Перед тем как спуститься в землянку, капитан Колотилин задержался, поглядел на немецкие позиции. Поглядел и Воронков: напротив нашей обороны торчала господствующая высота, опоясанная траншеями и выносными окопами. Деревья там тоже были ободраны, расщеплены, склоны изрыты воронками — наша артиллерия в одночасье давала фрицам прикурить, на склонах зияли и воронки посолиднее, старые: авиация поработала. Это еще когда было наступление, оно захлебнулось, неудачное, высота осталась у немцев, перешли к обороне. Перед зигзагообразной, полного профиля траншеей несколько рядов колючей проволоки — спираль Бруно, мин полным-полно, все, конечно, пристреляно, и Воронков на миг представил, какой трудный хлеб у наших разведчиков, наведывавшихся к фрицам в гости…



В землянке капитан Колотилин сел на лавку, расстегнул ворот гимнастерки — выглянула подступавшая к горлу рыжеватая шерстка, — снял пилотку, пятерней отбросил прядь со лба. Открытый-то лоб и удивил Воронкова: шишковатый и белый-белый, но лицо — крепко загорело. И еще: огромный, сократовский лоб, с таким верховодить где-нибудь в высоких штабах, а? Он понял: начинает ни с того, ни с сего злиться на комбата, в сущности, совершенно незнакомого ему человека, и подумал: лоб белый оттого, что комбат носит пилотку, надвинув низко на глаза, как тот старикан-ефрейтор, который пригнал кобылу под снаряды, под мины.
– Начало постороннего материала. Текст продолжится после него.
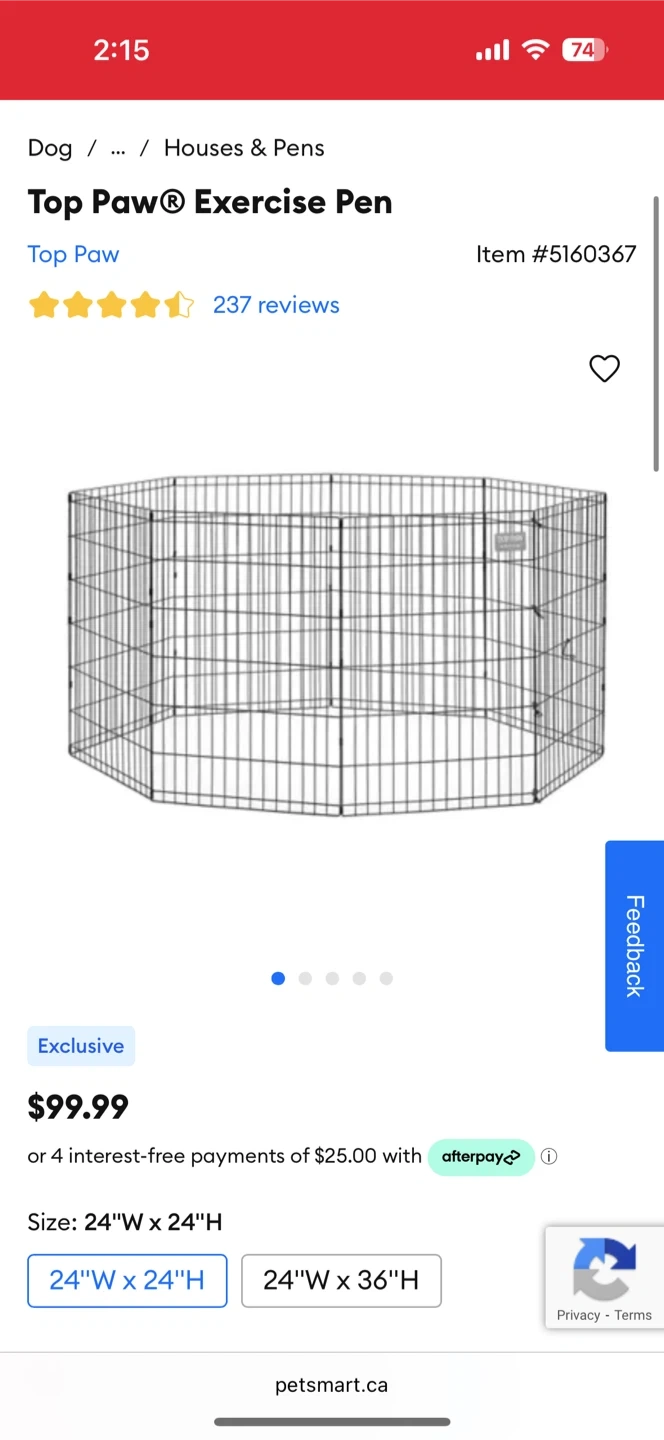Top Paw exercise pen and cover in great condition! 24" W x 24" H exercise pen. It helps keep your furry friend safe and secure while they play. Perfect for indoor or outdoor use. play pan and cover both $80

А лицо у комбата загорелое потому, вероятно, что мотается по обороне, ну а дни в конце июня солнечные, жгучие…

Капитан Колотилин промокнул белый, чистый лоб далеко не чистым носовым платком, зычно позвал:

— Хайруллин!

Неизвестно откуда, но мгновенно перед ним вытянулся сухощавый, гибкий и кривоногий татарин в ладно пригнанной гимнастерке с новенькой медалью «За боевые заслуги», в начищенных сапогах, преданно глянул на комбата. Стало сразу ясно: ординарец.

— Сооруди ужин. На двоих. И флягу…

— Слушаюсь, товарищ капитан! — с акцентом и глотая слоги, ответствовал ординарец и так же внезапно исчез.
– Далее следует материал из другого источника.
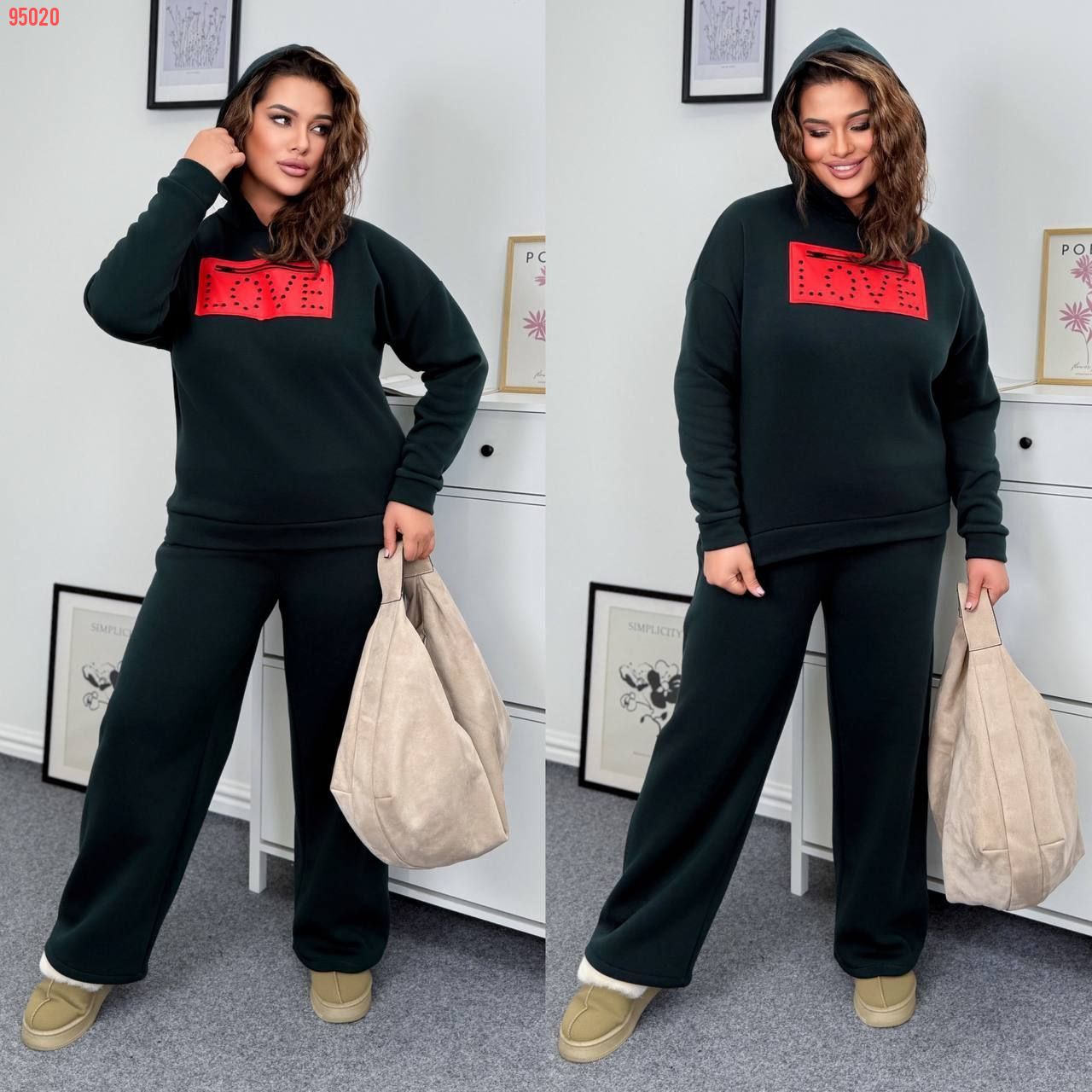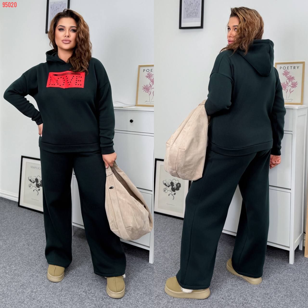 Теплий костюм на холодну пору . Світшот на манжеті , з капюшоном . Широкі штани з високою посадкою , пояс на гумці , бічні кишені .

Комбат молчал, и Воронков помалкивал. У стенки дребезжали пустые котелки — от обстрела, в закутке гремел котелками отнюдь, надо полагать, не пустыми ординарец Хайруллин, еще в одной боковушке что-то бубнил в телефонную трубку дежурный связист. В самой комбатовской землянке было просторно, уютно, даже пол настлан, — половицы поскрипывали и когда по ним никто не ходил. В дальнем углу — металлическая кровать, тщательно покрытая суконным одеялом, с двумя пестрыми подушками в изголовье, лавка, столик, нары — устланы свежескошенным сеном, тонко и грустно пахнувшим, будто раздвигавшим запахи затхлости, сырости, ваксы, ружейного масла, пороховой гари и одеколона, который, видимо, не жалел на себя капитан Колотилин. В оконный выем была вставлена натуральная рама из избы, и стекла были целые, такой комфорт.

Верный Хайруллин приволок котелки с гречкой, вспоротую банку тушенки, толсто нарезанный хлеб на каком-то подносе с цветочками, трофейную флягу в суконном чехле и на ремешке, две алюминиевые кружки. Отступил на шаг, ждал дальнейших указаний. Они последовали:

— Чай завари покруче. И зажги светильник, — произнес Колотилин, почти не разжимая губ.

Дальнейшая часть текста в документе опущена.